ローガン総裁の警告は、現職FOMC投票権保有者による、次なる政策手段が利下げではなく利上げになる可能性があるとの最も明確な指摘となる。
ローガン総裁の警告は、現職FOMC投票権保有者による、次なる政策手段が利下げではなく利上げになる可能性があるとの最も明確な指摘となる。

ローガン総裁の警告は、現職FOMC投票権保有者による、次なる政策手段が利下げではなく利上げになる可能性があるとの最も明確な指摘となる。
ダラス連邦準備銀行のローリー・ローガン総裁は、インフレ率が3.8%と2%目標への回帰に時間がかかりすぎていると警告し、中央銀行が年内に利上げを実施する必要が生じる可能性があると述べた。
「物価安定を完全に回復するには、年内により高金利が必要になる可能性が高まっているとの懸念を強めている」と、現在FOMCの投票権を持つメンバーであるローガン総裁は、テキサス大学エルパソ校で水曜日に講演した。
個人消費支出(PCE)物価指数は5月に前年同月比3.8%上昇し、食品とエネルギーを除くコア指数は3.3%上昇した。ローガン総裁は、堅調な経済活動と「絶好調」と評する企業収益を踏まえ、金融政策は引き締め的というよりも「中立的、あるいはやや緩和的」に見えると述べた。
現職のFOMC投票権保有者が利上げの必要性を示唆したことで、FRBの次の一手は利下げとなるという市場の prevailing narrativeに挑戦状を突きつける形となった。予測プラットフォームのデータによると、予測市場では2026年の利上げ確率が39.5%と、前日の34%から上昇した。
ローガン総裁は、4月のFOMCで金利据え置き決定を支持したものの、声明に含まれた緩和バイアスには反対票を投じた3人のFRB高官の一人であり、より引き締め的な姿勢を反映したものであった。また、イラン戦争による混乱、特にホルムズ海峡のボトルネックと石油生産回復に必要な時間が、インフレ高止まりの要因となり得ると指摘した。
「私は政策が非常に引き締め的であるとは確信していない。中立的、あるいはやや緩和的に見える」とローガン総裁は述べた。インフレを2%に戻すには、少なくとも緩やかに引き締め的な政策を実施する必要があると述べた。
ローガン総裁は、新たに就任したケビン・ウォーシュFRB議長と同様に、変動の激しいカテゴリーを除外したインフレ指標を支持していると述べた。ダラス連銀の調整平均PCEインフレ率(各月の極端な価格変動を除く)は5月にわずか2.3%の上昇にとどまった。しかしローガン総裁は、この指標が根本的な価格圧力を過小評価している可能性があると警告した。これは、価格上昇と下落の内訳の変化により、調整平均から除外される価格上昇分が多くなっているためである。
他のインフレ指標はそれほど穏やかではない見方を示している。
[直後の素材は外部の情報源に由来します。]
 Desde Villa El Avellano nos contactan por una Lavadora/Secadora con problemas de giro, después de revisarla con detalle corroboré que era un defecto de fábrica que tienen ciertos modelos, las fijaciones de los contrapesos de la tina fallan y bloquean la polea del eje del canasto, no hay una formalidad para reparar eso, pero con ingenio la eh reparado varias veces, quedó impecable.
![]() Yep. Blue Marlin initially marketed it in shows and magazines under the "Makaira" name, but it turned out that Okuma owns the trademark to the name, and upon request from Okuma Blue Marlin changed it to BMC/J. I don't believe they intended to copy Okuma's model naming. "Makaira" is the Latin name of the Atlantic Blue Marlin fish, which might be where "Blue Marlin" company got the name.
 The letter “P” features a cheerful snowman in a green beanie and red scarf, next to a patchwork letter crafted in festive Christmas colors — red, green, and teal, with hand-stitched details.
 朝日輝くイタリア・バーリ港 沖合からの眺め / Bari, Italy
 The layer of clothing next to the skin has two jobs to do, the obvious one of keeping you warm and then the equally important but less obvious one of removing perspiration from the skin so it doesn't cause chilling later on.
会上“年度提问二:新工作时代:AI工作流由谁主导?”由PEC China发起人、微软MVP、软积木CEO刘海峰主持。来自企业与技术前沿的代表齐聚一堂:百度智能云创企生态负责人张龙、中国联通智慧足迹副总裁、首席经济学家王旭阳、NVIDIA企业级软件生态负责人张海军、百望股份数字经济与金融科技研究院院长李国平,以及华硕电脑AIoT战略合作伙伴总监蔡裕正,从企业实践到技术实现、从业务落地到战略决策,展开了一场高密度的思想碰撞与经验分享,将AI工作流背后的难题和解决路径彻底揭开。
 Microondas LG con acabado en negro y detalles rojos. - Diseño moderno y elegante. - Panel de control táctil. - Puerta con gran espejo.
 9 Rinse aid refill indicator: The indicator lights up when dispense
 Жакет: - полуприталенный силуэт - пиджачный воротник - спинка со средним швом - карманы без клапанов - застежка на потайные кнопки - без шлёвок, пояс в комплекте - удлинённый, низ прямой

クリーブランド連銀の中央値PCEインフレ率は4月に前年同月比2.8%、ニューヨーク連銀の多変量コアトレンドモデルは4月に4%を記録した。これらを総合すると、ローガン総裁はインフレは2%台半ばで推移しているとし、依然としてFRBの2%目標を上回っていると述べた。
これらの発言は、クリーブランド連銀のベス・ハマック総裁が火曜日に述べた、政策立案者は単一の指標に固執するのではなく、複数のインフレ指標を検討する必要があるとの見解と同調するものである。「我々には適切な指標を一つだけ選び、それに病的に集中する余裕はない。間違った指標を選べば、誤った判断を下すことになりかねない」とハマック総裁は述べた。
ローガン総裁の発言を受け、S&P 500種株価指数は51.9ポイント下落し、ナスダック総合指数は236.19ポイント下落した。トレーダーらは金融引き締めの可能性を再評価した。金利期待の変化により債券利回りも上昇したが、市場が今後数日間のパウエルFRB議長とジョン・ウィリアムズNY連銀総裁からの追加ガイダンスを待つ中、その変動は限定的であった。
現職のFOMC投票権保有者が引き締めサイクルの中で利上げの可能性を明確に示唆したのは、2023年以来となる。当時は複数の高官が、FRBが利上げを一時停止した後に追加利上げが必要になる可能性があると警告したが、結局インフレが沈静化したため実現しなかった。今回、戦争による供給混乱と粘着的なサービスインフレの組み合わせは、政策立案者にとってより複雑な課題となっている。
次回のFOMC会合は7月28~29日に予定されており、同委員会は経済見通しと金利見通しを更新する。インフレデータが引き続き高止まりすれば、ローガン総裁の警告は、これまで利上げ議論に消極的であった他のFOMCメンバーの間でも支持を得る可能性がある。
※本記事は情報提供のみを目的としており、投資助言を構成するものではありません。